**Data for processing**.
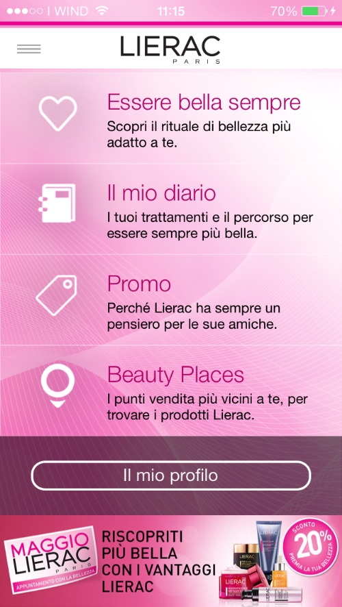 Scoprire le promozioni nella farmacia più vicina, annotare i promemoria nel diario ed essere aggiornate sugli ultimi trattamenti cosmetici direttamente sul proprio smartphone. Da oggi è possibile grazie all’app che è stata realizzata per Lierac, il noto brand di bellezza di Alès Groupe, da DGT Media, l’agenzia digitale del gruppo Italia Brand Group. Facile da navigare e soprattutto sempre a portata di touch, è disponibile per iPhone e Android. Il concept attorno al quale è stata sviluppata questa mobile app è quello di fornire alla community di consumatrici attuali e potenziali dei prodotti Lierac uno strumento digitale per ricevere e condividere informazioni personalizzate sui trattamenti.
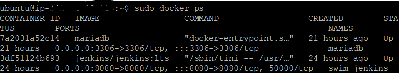 - -v: ํธ์คํธ์ ํ์ผ ์์คํ ๊ณผ ๋์ปค ์ปจํ ์ด๋ ํ์ผ์์คํ ์ฐ๊ฒฐ (/app/swim ๋๋ ํ ๋ฆฌ์ /var/jenkins_home์ ๋ง์ดํธ)
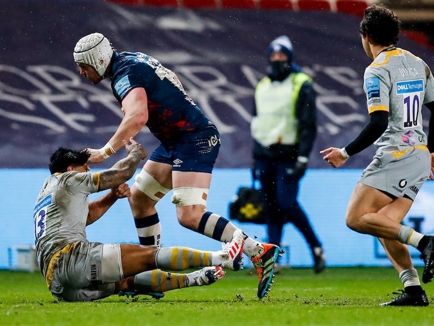 So, heartened by the pre match entertainment and enthused by the warm up I was fully expecting Bristol to hit the ground running and accelerate into a healthy lead at half time from which they would just about claw a narrow win in the second period, as has been the narrative in recent weeks. However, to my surprise it was an opposite story as they soon raced to a 10 point defecit, after dominating territory, butchering two serious visits to the 22 and affording Carl Dickson the opportunity to be inducted into the crazy penalty awarding Hall of Fame when he pinged Dave Attwood for the lowest high tackle ever known to man. As someone remarked on Twitter, if the big man had ducked down any lower, he would have ended up in Australia. Dickson did, at least, seem genuinely apologetic about having to give it although the look on Dave’s face suggested it wasn’t a reciprocated feeling. However, he was soon able to vent his fury by executing a glorious carry that will forever been known as a ‘Sit down Fekitoa’. His marmelising of the chunky Wasp at full flight was like watching heavy lifting machinery lay tarmac on a new motorway and the fact that the commentary team spent well over five minutes analysing if from every possible angle says everything you need to know about Atwood’s contribution to the team effort. Forget climbing the mountain, he is the mountain.
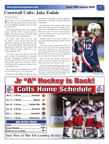 the Junior A Colts, but his third with the date, Jake shared that playing at OHA was life
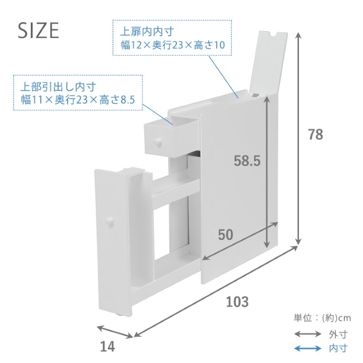 幅わずか14cmの省スペース設計。トイレのちょっとした隙間にぴったり収まり、デッドスペースを有効活用できます。
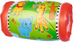 Nafukovací valec na podporu lezenia je ideálna pomôcka pre bábätká a batoľatá, ktoré začínajú objavovať svet pohybom. Priehľadné bočnice umožňujú sledovať dve hrkajúce guličky vo vnútri, ktoré pri váľaní vydávajú zvuky a podnecujú dieťa k ďalšiemu skúmaniu. Veselá potlač zvieratiek zvyšuje atraktivitu a podporuje vizuálne vnímanie.
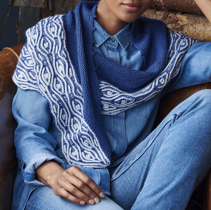 2 stitch techniques are brought together in this glorious draping shawl. Firstly a narrow band of 2 coloured brioche is worked; starting off from a point and ending off at a point with 14 pattern repeats in between.
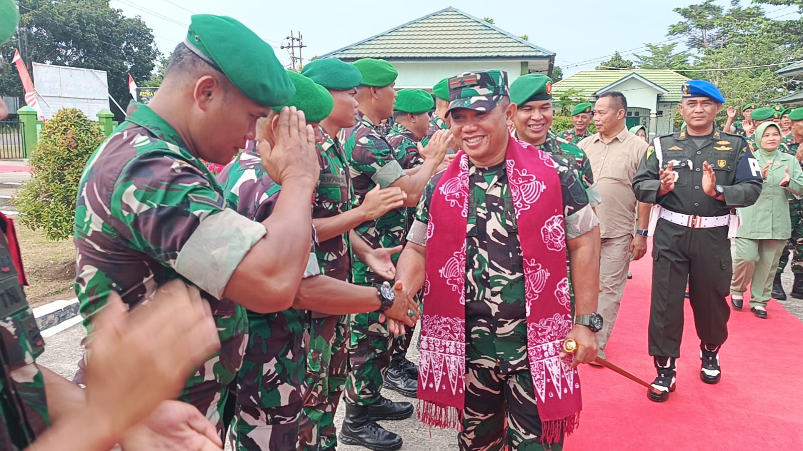 Kedatangan Danrem 041/Gamas beserta rombongan disambut langsung oleh Dandim 0428/Mukomuko, Letkol Inf Yokki Firmansyah, beserta jajaran. Acara penyambutan diawali dengan laporan dari Dandim, hormat jajar, dan pengalungan selendang oleh perwakilan prajurit.
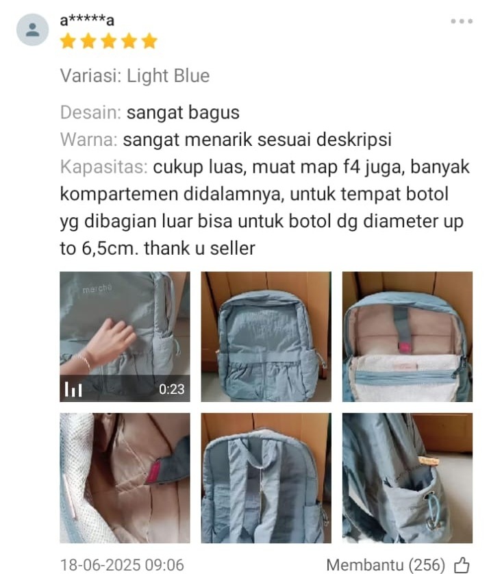 Salah satu ulasan konsumen di platform belanja menyebutkan bahwa tas ini “cukup luas, muat map F4 juga, banyak kompartemen di dalamnya”. Desain dan warna produk juga dinilai sesuai dengan deskripsi.
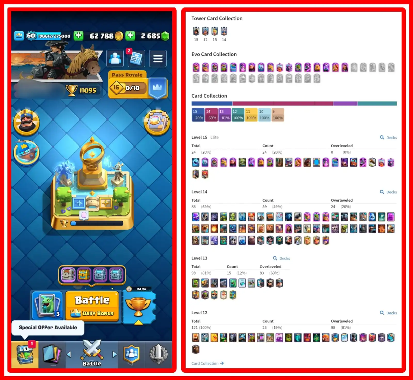 LEVEL 60 🚀😍 11095 TROPHIES 🏆 SEASONAL ARENA LEVEL 2 ❤ KT LEVEL 15 ☠ 17 EVOLUTION CARDS 🤩 24 ELITE CARDS 😍 83 MAX CARDS ☠🎁 FREE NAME CHANGE 💎☠ CHEAP PRICE 💸 INSTANT DELIVERY ☑💯 ANDROID & IOS ☑🤝
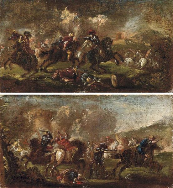 | A) Scontro di cavallerie; B) Truppe di fronte a fortezza | |
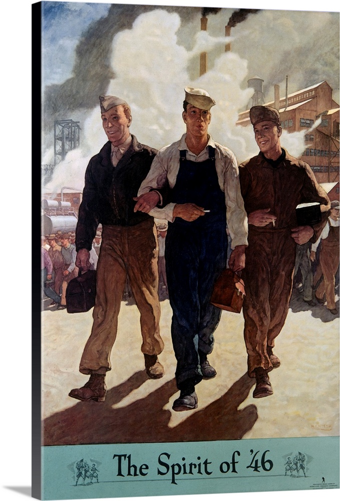 <p>Commissioned in the immediate aftermath of World War II, this government-issued poster by Ben Shahn champions the postwar American labor force. Depicting three resolute industrial workers striding forward with lunch pails and tools in hand, the composition evokes strength, unity, and optimism. Smokestacks, machinery, and the presence of a working crowd in the background frame the transition to a peacetime economy powered by American industry. This iconic image embodies the renewed civic purpose of 1946-where building peace was just as essential as winning the war.</p>
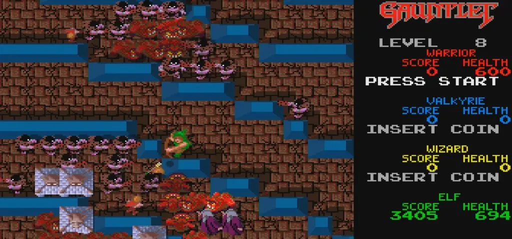 بسیاری از بازیهای ویدیویی این روزها به خصوص اگر روی پاکسازی سیاه چالها تمرکز کنند، روی محور عناصر چند نفرهی کوآپ میچرخند. در این میان اگرچه عنوان اولین اثر سبک Dungeon Crawler که به آرکید آمد به Gauntlet نمیرسد، اما احتمالا مهمترین آنها بود. بازی Gauntlet که در سال 1985 منتشر شد، به عنوان اولین Dungeon Crawler چندنفرهی صنعت، دنیای آرکید را تکان داد. هر دور از بازی به بازیکنان وظیفهی پیدا کردن راه خروج به سیاه چالهایی را میداد که با دشمنان غرق شده بودند.
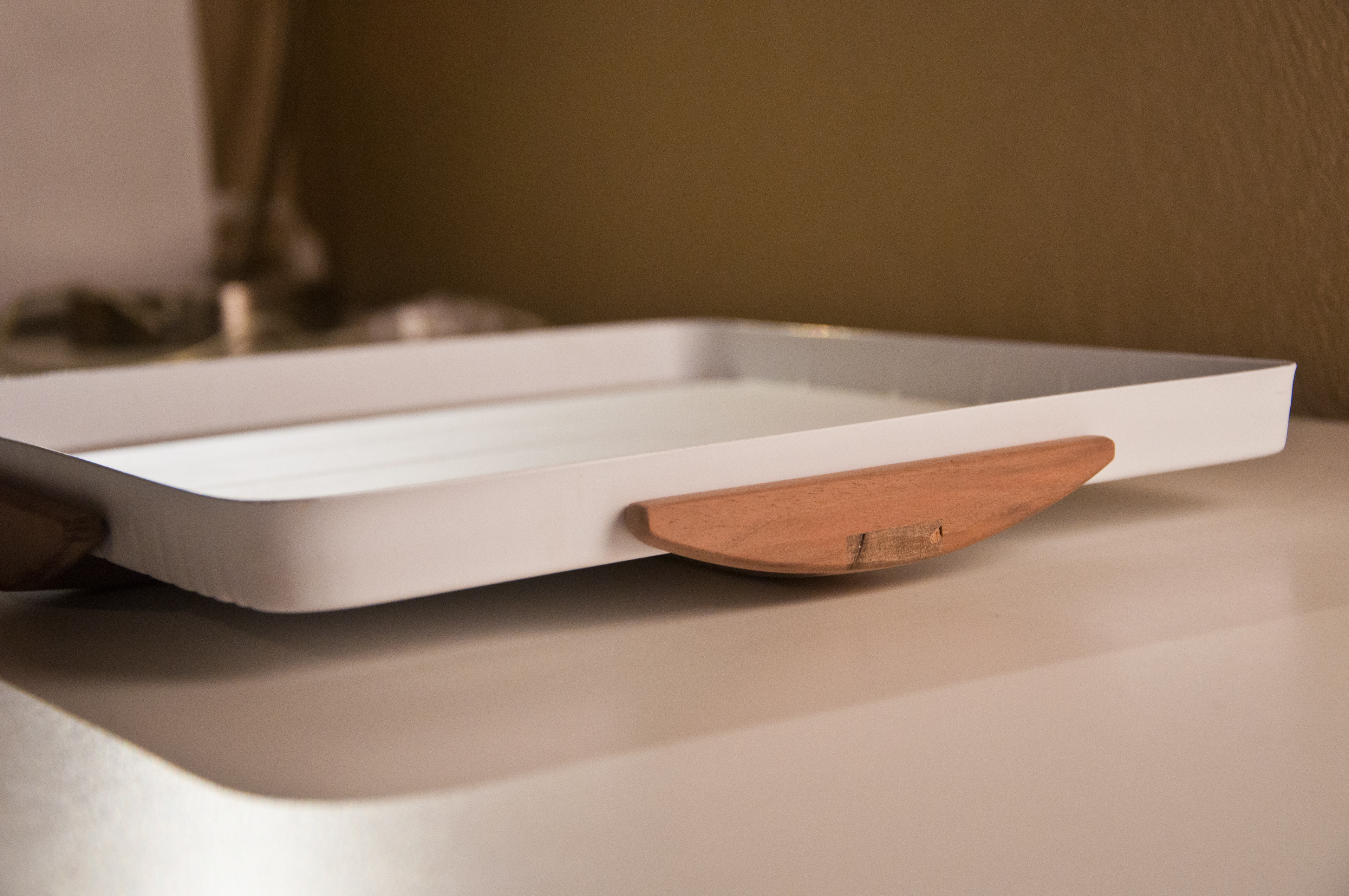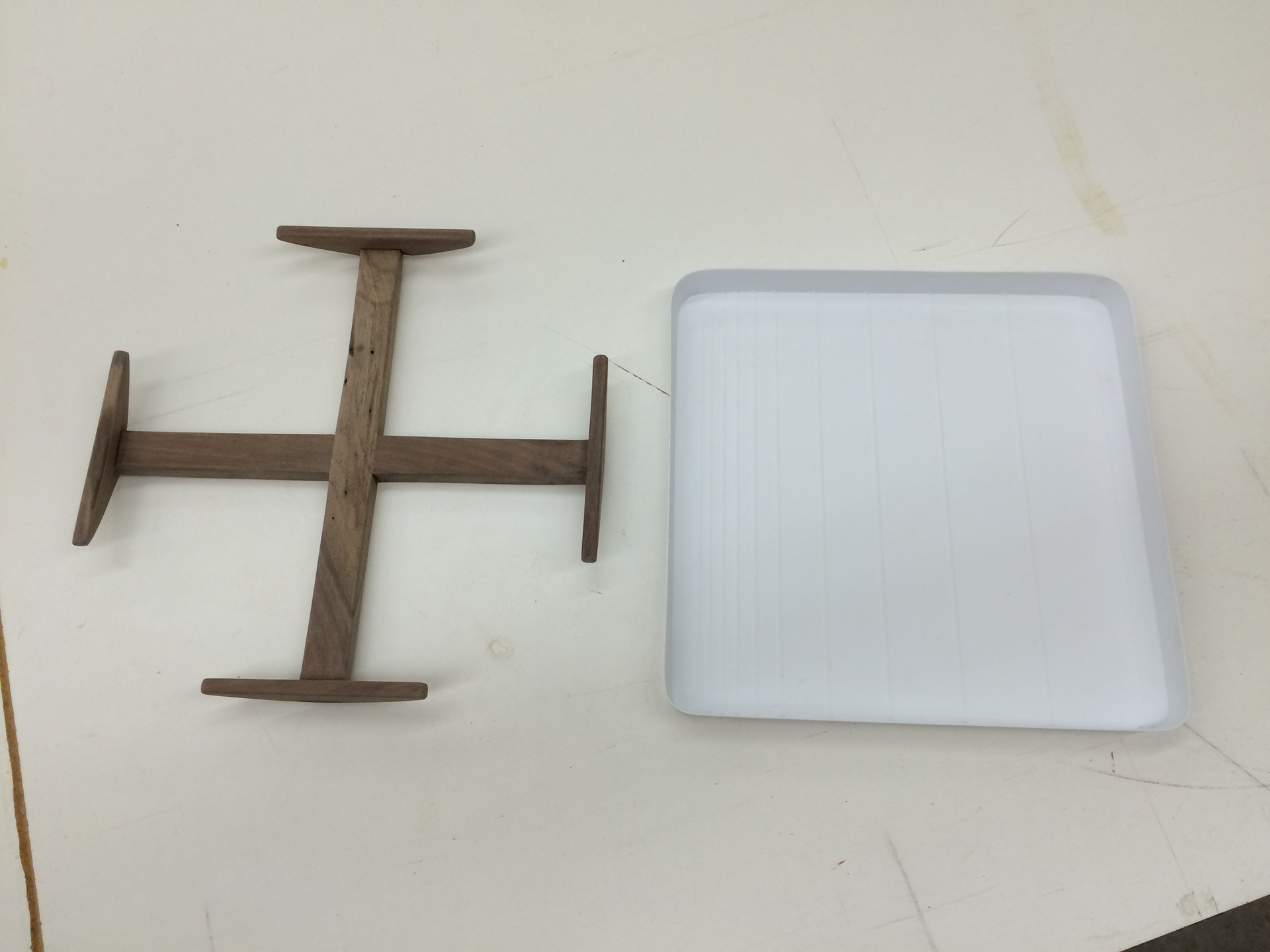 Using a vacuum former, polystyrene plastic, and walnut, I made a small TV tray with wooden holder unit.
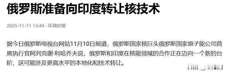 俄媒爆料,俄罗斯绕过中美向印度转让核技术,并且这次俄核电巨头同意给的还是“独家机密”——漂浮核电站,知情人士透露:俄印在核能领域的合作迈向了新一个台阶,并且设计更高水平的本土化和技术转让! 大多数人可能都没见过漂浮核电站,这不是普通意义上的发电站,而是能在水上“游走”的发电厂。它可以被船拖到沿海的任何角落,提供持续电力,无论是偏远小镇还是海上工程都能用上。 全球能搞定这种技术的国家屈指可数,以前俄罗斯对外核合作顶多只移交些常规设备,这次像是把自家最核心的秘密搬上了台面。 美国虽然与印度也有核领域往来,但各种限制条件一大堆,既要技术不全,又要附加政治要求。至于中国,合作的尺度也一直把得很紧,不轻易谈核心转让。 相比之下,这次俄罗斯选择独辟蹊径,绕过了传统大国模式,直接把技术和生产手把手交到印度人自己的工厂和团队里。 这不是简单的买卖设备,而是从源头培养出完整的本土化配套系统,让印度以后用起核能来不用再四处求人。 其实,俄罗斯和印度并非第一次在能源领域联手。从一开始建设核电站,到现在渗透到高端技术,本就是一步步积累下来的信任。 不难看出,俄罗斯这次押宝,是看中了印度庞大的市场和巨大的电力需求,也清楚在西方压力越来越大的大环境下,多一个能共同搞大项目的靠谱伙伴,手里的牌就硬不少。 对于印度来说,这不仅是补上沿海能源短板,更是被全球看到了一回。漂浮核电站技术的注入,能让印度在国际核能市场说话有底气,也为它争取到了更多的主动。 对俄罗斯来说,拿技术做纽带,把印度拖进了自己身后的大圈子,对未来在亚洲立足显然更有利。 这样的转让方式,打破了以往核能合作慢慢悠悠、层层设防的老规矩。俄罗斯的做法证明,有时候守着技术当宝贝不如合伙人多,带来的利益和影响力更实际。 中美之前在核领域一直保持主导地位,这次眼看俄罗斯带头创新,后续很有可能会影响全球范围内的核合作态势。 其实,在这场交易背后最重要的一点,并不是哪家掌握了什么绝活,而是谁真正敢拿出压箱底的本事来做朋友,用技术缝起实实在在的结盟。 俄印这次的合作早已超过了单纯的经济交易,而是把信任和利益交织成一张新的大网。这不只是俄罗斯的主动出击,也是在讲用什么样的手腕才能在大国之间走得更稳更远。
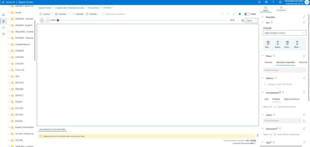 Es común que al generar audio en español con Azure te encuentres con problemas de pronunciación, ritmo o acentuación. Aquí es donde puedes aplicar algunos ajustes para mejorar la calidad de la narración. Si bien Azure hace un trabajo notable, es posible que tengas que intervenir en ciertos aspectos para perfeccionar el resultado final.

**Task requirements**. From the records above, output only the lines starting at the one containing "Salah satu ulasan" and ending at the one containing "Using a vacuum", word for word. Pictures stay out.

**Your response**.
 Salah satu ulasan konsumen di platform belanja menyebutkan bahwa tas ini “cukup luas, muat map F4 juga, banyak kompartemen di dalamnya”. Desain dan warna produk juga dinilai sesuai dengan deskripsi.
 LEVEL 60 🚀😍 11095 TROPHIES 🏆 SEASONAL ARENA LEVEL 2 ❤ KT LEVEL 15 ☠ 17 EVOLUTION CARDS 🤩 24 ELITE CARDS 😍 83 MAX CARDS ☠🎁 FREE NAME CHANGE 💎☠ CHEAP PRICE 💸 INSTANT DELIVERY ☑💯 ANDROID & IOS ☑🤝
 | A) Scontro di cavallerie; B) Truppe di fronte a fortezza | |
 <p>Commissioned in the immediate aftermath of World War II, this government-issued poster by Ben Shahn champions the postwar American labor force. Depicting three resolute industrial workers striding forward with lunch pails and tools in hand, the composition evokes strength, unity, and optimism. Smokestacks, machinery, and the presence of a working crowd in the background frame the transition to a peacetime economy powered by American industry. This iconic image embodies the renewed civic purpose of 1946-where building peace was just as essential as winning the war.</p>
 بسیاری از بازیهای ویدیویی این روزها به خصوص اگر روی پاکسازی سیاه چالها تمرکز کنند، روی محور عناصر چند نفرهی کوآپ میچرخند. در این میان اگرچه عنوان اولین اثر سبک Dungeon Crawler که به آرکید آمد به Gauntlet نمیرسد، اما احتمالا مهمترین آنها بود. بازی Gauntlet که در سال 1985 منتشر شد، به عنوان اولین Dungeon Crawler چندنفرهی صنعت، دنیای آرکید را تکان داد. هر دور از بازی به بازیکنان وظیفهی پیدا کردن راه خروج به سیاه چالهایی را میداد که با دشمنان غرق شده بودند.
 Using a vacuum former, polystyrene plastic, and walnut, I made a small TV tray with wooden holder unit.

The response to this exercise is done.